#### [Exercise objective]
When you repeat the entries, reproduce each line exactly and omit every picture.

#### [Items listed in a dataset]

━━━

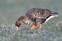 Witkopgans ( Anser albifrons ), wilde gans in de winter, lopend over een bevroren weide, op zoek naar voedsel, typisch beeld, zeer mooi verenkleed patroon, helder licht, natuurlijke kleuren, wilde dieren, Europa.
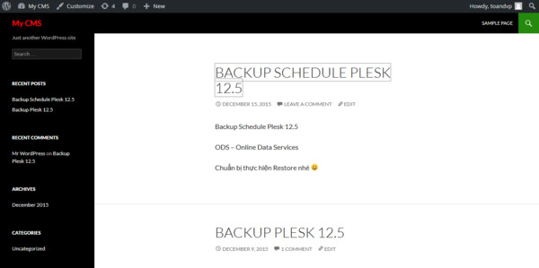 Chúng tôi sẽ đưa ra 1 ví dụ đơn giản như sau. Như hình dưới là hình ảnh của giao diện web được quản lý từ Plesk 12.5. Hiện tại với website này ta đang có 1 post tiêu đề là “Backup Schedule for Plesk 12.5”.
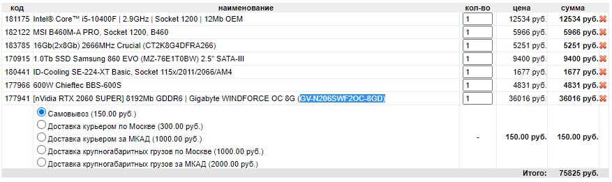 Блок питания не полупассив, т.е. без нагрузки вентилятор вращается с низкой скоростью, довольно тихо, как по мне. Если охота полупассив, то нужно доплачивать, а это переплата и приличная (~5000 р.), плюс бренд и прочее. С AMD заморачиваться не советую, потому что сих процессоры стоят ОТ 34000 р., и то, у вас их пока нет. А брать сейчас предыдущий Ryzen экономически и практически не целесообразно. В играх Core i5 10400f + хорошая видеокарта покажет результаты как минимум не хуже. Что же касается самой видеокарты, то RTX 2060 Super в ДНС/Онлантрейд/Ситилинк в наличии нет. По Мск ценам взял запас в 37 000 р. на видеокарту. Много денег отъедают накопители. Пришлось брать SATA на 1Tb. Его разбить на 2 раздела: под Windows, остальное под игры. По монитору не подскажу, выбрал по рейтингу (возможно, что есть и дешевле) лучше спросить тут >>> Выбор Full HD ЖК-монитора По итогу ценника выходит: 117 171 р. Если дорого, то нужно чем-то жертвовать.
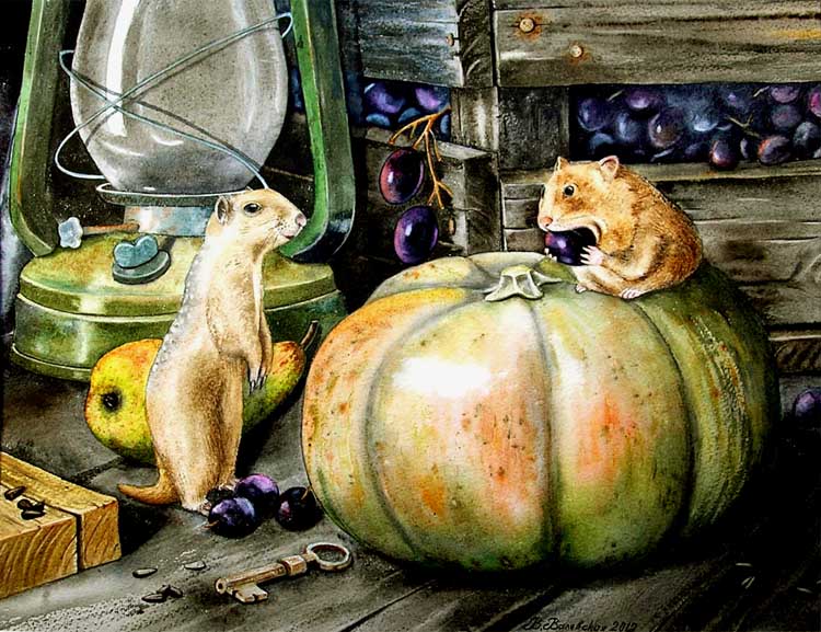 Суслик и Хомяк (из цикла "Микроминиатюры по картинам Валентины Валевской")
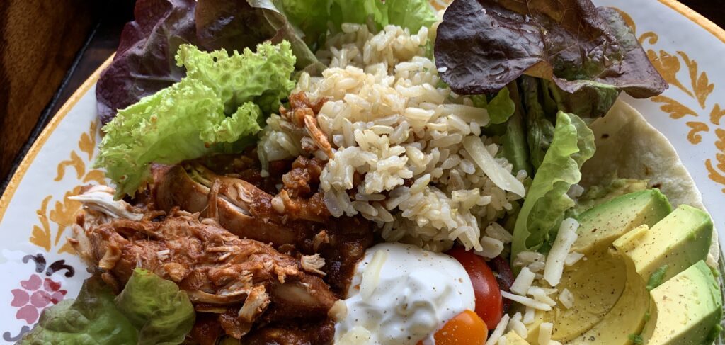 Tuck a warm tortilla tucked inside a large bowl and pile on chunks of chicken. Layer with more brown rice, roasted corn, fresh field greens and tomatoes along with avocados, a sprinkling of cheese and a dollop of sour cream!
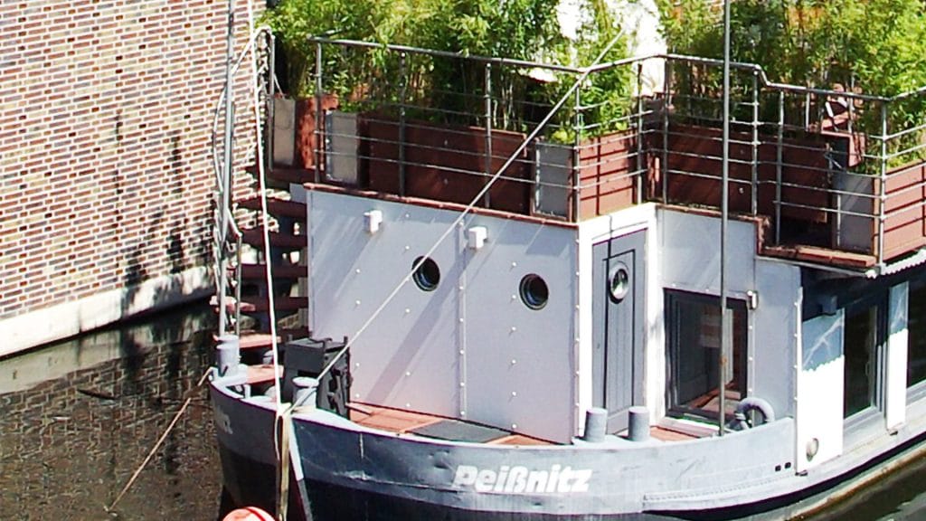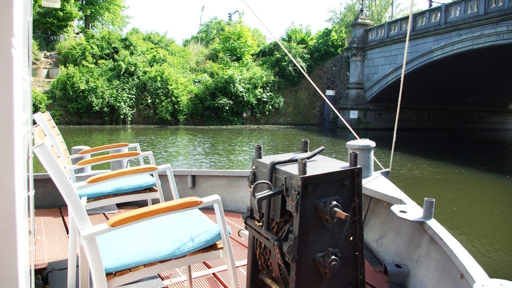 Die Bugterrasse der Ferienwohnung ist der über 160 Jahre alten unter Denkmalschutz stehenden Richardstrassenbrücke zugewandt und bietet von dem Hausboot einen mehrere Hundert Meter weiten Ausblick den Eilbekkanal entlang bis zur nächsten Brücke. Auf ihr ist am Bug die funktionsfähige, originale DDR Ankerwinde vom historischen Wohnschiff Peissnitz montiert. Nachmittags und bends lassen sich hier noch späte Sonnenstrahlen einfangen.

━━━

#### [Task response]
 Witkopgans ( Anser albifrons ), wilde gans in de winter, lopend over een bevroren weide, op zoek naar voedsel, typisch beeld, zeer mooi verenkleed patroon, helder licht, natuurlijke kleuren, wilde dieren, Europa.
 Chúng tôi sẽ đưa ra 1 ví dụ đơn giản như sau. Như hình dưới là hình ảnh của giao diện web được quản lý từ Plesk 12.5. Hiện tại với website này ta đang có 1 post tiêu đề là “Backup Schedule for Plesk 12.5”.
 Блок питания не полупассив, т.е. без нагрузки вентилятор вращается с низкой скоростью, довольно тихо, как по мне. Если охота полупассив, то нужно доплачивать, а это переплата и приличная (~5000 р.), плюс бренд и прочее. С AMD заморачиваться не советую, потому что сих процессоры стоят ОТ 34000 р., и то, у вас их пока нет. А брать сейчас предыдущий Ryzen экономически и практически не целесообразно. В играх Core i5 10400f + хорошая видеокарта покажет результаты как минимум не хуже. Что же касается самой видеокарты, то RTX 2060 Super в ДНС/Онлантрейд/Ситилинк в наличии нет. По Мск ценам взял запас в 37 000 р. на видеокарту. Много денег отъедают накопители. Пришлось брать SATA на 1Tb. Его разбить на 2 раздела: под Windows, остальное под игры. По монитору не подскажу, выбрал по рейтингу (возможно, что есть и дешевле) лучше спросить тут >>> Выбор Full HD ЖК-монитора По итогу ценника выходит: 117 171 р. Если дорого, то нужно чем-то жертвовать.
 Суслик и Хомяк (из цикла "Микроминиатюры по картинам Валентины Валевской")
 Tuck a warm tortilla tucked inside a large bowl and pile on chunks of chicken. Layer with more brown rice, roasted corn, fresh field greens and tomatoes along with avocados, a sprinkling of cheese and a dollop of sour cream!
 Die Bugterrasse der Ferienwohnung ist der über 160 Jahre alten unter Denkmalschutz stehenden Richardstrassenbrücke zugewandt und bietet von dem Hausboot einen mehrere Hundert Meter weiten Ausblick den Eilbekkanal entlang bis zur nächsten Brücke. Auf ihr ist am Bug die funktionsfähige, originale DDR Ankerwinde vom historischen Wohnschiff Peissnitz montiert. Nachmittags und bends lassen sich hier noch späte Sonnenstrahlen einfangen.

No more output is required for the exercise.